Work request -
Only one stretch of the data below is wanted: the lines starting at the one with "AuNCs: (a,b) appearance" and ending at the one with "コラボ期間中、公園内の屋外ス", both included, given again exactly.

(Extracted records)
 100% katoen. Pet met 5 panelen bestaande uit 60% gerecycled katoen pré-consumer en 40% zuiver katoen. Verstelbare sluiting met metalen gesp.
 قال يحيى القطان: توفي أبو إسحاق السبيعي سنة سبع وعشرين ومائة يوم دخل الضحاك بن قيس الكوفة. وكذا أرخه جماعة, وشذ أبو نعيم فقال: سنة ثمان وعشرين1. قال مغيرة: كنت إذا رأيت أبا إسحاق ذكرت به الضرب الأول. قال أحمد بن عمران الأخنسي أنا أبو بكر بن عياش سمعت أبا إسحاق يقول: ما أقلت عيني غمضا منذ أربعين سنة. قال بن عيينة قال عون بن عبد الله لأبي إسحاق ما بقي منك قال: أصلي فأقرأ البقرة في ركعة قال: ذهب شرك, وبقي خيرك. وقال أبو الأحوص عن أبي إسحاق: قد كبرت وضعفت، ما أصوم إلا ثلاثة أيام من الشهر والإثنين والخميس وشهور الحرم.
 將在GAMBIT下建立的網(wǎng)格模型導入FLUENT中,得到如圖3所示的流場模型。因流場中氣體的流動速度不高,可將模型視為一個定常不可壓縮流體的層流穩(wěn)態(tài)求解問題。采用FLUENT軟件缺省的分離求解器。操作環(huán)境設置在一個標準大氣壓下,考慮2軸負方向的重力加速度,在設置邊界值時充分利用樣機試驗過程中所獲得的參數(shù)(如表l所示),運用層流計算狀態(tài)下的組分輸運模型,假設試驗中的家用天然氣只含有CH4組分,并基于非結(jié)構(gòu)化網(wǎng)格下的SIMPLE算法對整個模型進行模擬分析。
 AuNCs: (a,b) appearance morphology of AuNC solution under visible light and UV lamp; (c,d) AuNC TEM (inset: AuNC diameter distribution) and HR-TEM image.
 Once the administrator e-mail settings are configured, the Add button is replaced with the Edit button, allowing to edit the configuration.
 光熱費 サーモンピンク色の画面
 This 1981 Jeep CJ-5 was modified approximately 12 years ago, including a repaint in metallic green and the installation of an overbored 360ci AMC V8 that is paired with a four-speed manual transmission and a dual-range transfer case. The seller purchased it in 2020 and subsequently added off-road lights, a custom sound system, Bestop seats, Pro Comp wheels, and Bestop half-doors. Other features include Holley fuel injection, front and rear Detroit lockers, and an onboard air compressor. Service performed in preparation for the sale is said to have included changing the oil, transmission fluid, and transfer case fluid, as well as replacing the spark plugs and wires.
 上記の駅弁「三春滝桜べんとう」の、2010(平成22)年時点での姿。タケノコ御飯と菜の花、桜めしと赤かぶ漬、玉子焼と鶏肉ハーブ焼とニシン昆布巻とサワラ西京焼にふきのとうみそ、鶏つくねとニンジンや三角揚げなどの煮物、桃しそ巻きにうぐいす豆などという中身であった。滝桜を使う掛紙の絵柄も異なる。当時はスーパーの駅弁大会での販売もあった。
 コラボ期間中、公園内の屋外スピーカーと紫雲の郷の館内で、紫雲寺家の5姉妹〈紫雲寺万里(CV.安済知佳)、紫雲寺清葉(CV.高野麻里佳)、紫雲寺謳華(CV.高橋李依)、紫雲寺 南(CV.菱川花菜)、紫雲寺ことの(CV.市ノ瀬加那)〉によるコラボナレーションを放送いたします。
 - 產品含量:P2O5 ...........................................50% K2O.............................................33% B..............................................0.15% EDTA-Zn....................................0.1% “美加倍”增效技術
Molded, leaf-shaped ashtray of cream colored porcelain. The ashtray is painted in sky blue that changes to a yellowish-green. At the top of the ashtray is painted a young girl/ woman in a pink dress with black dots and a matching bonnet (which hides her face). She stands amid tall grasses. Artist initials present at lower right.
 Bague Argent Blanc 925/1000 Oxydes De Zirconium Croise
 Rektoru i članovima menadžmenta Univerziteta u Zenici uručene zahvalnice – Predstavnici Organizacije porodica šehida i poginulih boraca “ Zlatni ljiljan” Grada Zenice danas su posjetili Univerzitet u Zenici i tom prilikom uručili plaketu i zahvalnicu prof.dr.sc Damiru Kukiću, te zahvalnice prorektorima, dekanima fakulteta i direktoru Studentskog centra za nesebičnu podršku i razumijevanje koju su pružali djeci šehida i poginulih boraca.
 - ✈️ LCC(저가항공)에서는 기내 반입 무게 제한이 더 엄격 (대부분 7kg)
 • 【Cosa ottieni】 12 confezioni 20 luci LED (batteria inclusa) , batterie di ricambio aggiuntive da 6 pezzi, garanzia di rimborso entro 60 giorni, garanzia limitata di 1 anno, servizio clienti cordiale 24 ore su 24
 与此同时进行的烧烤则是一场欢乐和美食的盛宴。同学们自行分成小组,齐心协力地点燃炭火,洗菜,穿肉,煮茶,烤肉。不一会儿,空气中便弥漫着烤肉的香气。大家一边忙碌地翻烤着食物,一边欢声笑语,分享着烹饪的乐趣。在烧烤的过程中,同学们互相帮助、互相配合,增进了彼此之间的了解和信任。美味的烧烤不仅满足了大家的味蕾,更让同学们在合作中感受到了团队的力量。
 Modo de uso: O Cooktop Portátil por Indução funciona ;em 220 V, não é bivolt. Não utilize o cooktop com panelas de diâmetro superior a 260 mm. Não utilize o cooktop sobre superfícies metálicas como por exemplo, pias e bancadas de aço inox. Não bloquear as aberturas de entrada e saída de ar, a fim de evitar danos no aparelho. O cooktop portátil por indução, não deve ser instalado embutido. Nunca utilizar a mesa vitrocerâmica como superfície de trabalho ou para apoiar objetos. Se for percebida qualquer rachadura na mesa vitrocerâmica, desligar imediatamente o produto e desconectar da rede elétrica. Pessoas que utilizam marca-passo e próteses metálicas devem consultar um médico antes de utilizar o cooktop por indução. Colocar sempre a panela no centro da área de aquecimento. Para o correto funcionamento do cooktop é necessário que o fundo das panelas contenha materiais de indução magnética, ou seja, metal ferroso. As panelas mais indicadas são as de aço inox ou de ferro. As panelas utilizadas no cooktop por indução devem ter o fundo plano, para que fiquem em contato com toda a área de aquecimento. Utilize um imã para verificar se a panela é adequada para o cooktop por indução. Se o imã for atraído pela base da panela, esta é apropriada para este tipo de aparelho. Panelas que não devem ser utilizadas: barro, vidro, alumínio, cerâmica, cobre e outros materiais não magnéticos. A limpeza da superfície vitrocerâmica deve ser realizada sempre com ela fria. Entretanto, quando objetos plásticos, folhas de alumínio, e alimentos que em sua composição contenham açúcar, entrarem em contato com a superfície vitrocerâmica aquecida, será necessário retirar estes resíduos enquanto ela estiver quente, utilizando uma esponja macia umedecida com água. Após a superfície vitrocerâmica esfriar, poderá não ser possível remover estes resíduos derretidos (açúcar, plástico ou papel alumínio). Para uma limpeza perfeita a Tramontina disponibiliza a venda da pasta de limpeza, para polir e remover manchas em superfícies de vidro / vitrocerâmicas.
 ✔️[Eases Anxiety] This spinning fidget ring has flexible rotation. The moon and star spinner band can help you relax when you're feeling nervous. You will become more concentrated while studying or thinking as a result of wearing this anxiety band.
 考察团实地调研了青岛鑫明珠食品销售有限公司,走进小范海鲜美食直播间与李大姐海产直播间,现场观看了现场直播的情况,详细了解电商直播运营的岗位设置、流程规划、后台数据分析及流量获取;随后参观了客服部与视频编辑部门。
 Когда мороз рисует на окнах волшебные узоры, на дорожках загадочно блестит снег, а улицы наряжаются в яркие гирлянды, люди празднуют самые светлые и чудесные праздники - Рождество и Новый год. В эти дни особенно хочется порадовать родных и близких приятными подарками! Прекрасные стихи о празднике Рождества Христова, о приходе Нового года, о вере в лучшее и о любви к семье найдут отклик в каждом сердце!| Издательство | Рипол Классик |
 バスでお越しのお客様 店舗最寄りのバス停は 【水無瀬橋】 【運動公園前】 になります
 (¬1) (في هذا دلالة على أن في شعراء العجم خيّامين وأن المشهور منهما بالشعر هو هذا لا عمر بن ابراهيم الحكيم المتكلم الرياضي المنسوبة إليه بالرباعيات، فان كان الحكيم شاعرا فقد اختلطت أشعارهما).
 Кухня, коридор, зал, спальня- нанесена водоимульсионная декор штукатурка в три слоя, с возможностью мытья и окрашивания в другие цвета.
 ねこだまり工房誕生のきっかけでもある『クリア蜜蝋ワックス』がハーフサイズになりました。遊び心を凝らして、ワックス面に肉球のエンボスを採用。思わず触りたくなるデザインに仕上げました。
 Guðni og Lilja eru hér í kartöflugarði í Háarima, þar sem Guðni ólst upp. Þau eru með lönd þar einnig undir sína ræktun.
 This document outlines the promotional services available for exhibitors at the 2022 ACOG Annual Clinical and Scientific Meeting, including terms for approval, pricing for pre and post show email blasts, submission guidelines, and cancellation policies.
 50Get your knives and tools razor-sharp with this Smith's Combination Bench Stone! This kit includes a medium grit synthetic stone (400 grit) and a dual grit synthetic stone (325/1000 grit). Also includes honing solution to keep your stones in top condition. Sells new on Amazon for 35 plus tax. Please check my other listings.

Answer section -
 AuNCs: (a,b) appearance morphology of AuNC solution under visible light and UV lamp; (c,d) AuNC TEM (inset: AuNC diameter distribution) and HR-TEM image.
 Once the administrator e-mail settings are configured, the Add button is replaced with the Edit button, allowing to edit the configuration.
 光熱費 サーモンピンク色の画面
 This 1981 Jeep CJ-5 was modified approximately 12 years ago, including a repaint in metallic green and the installation of an overbored 360ci AMC V8 that is paired with a four-speed manual transmission and a dual-range transfer case. The seller purchased it in 2020 and subsequently added off-road lights, a custom sound system, Bestop seats, Pro Comp wheels, and Bestop half-doors. Other features include Holley fuel injection, front and rear Detroit lockers, and an onboard air compressor. Service performed in preparation for the sale is said to have included changing the oil, transmission fluid, and transfer case fluid, as well as replacing the spark plugs and wires.
 上記の駅弁「三春滝桜べんとう」の、2010(平成22)年時点での姿。タケノコ御飯と菜の花、桜めしと赤かぶ漬、玉子焼と鶏肉ハーブ焼とニシン昆布巻とサワラ西京焼にふきのとうみそ、鶏つくねとニンジンや三角揚げなどの煮物、桃しそ巻きにうぐいす豆などという中身であった。滝桜を使う掛紙の絵柄も異なる。当時はスーパーの駅弁大会での販売もあった。
 コラボ期間中、公園内の屋外スピーカーと紫雲の郷の館内で、紫雲寺家の5姉妹〈紫雲寺万里(CV.安済知佳)、紫雲寺清葉(CV.高野麻里佳)、紫雲寺謳華(CV.高橋李依)、紫雲寺 南(CV.菱川花菜)、紫雲寺ことの(CV.市ノ瀬加那)〉によるコラボナレーションを放送いたします。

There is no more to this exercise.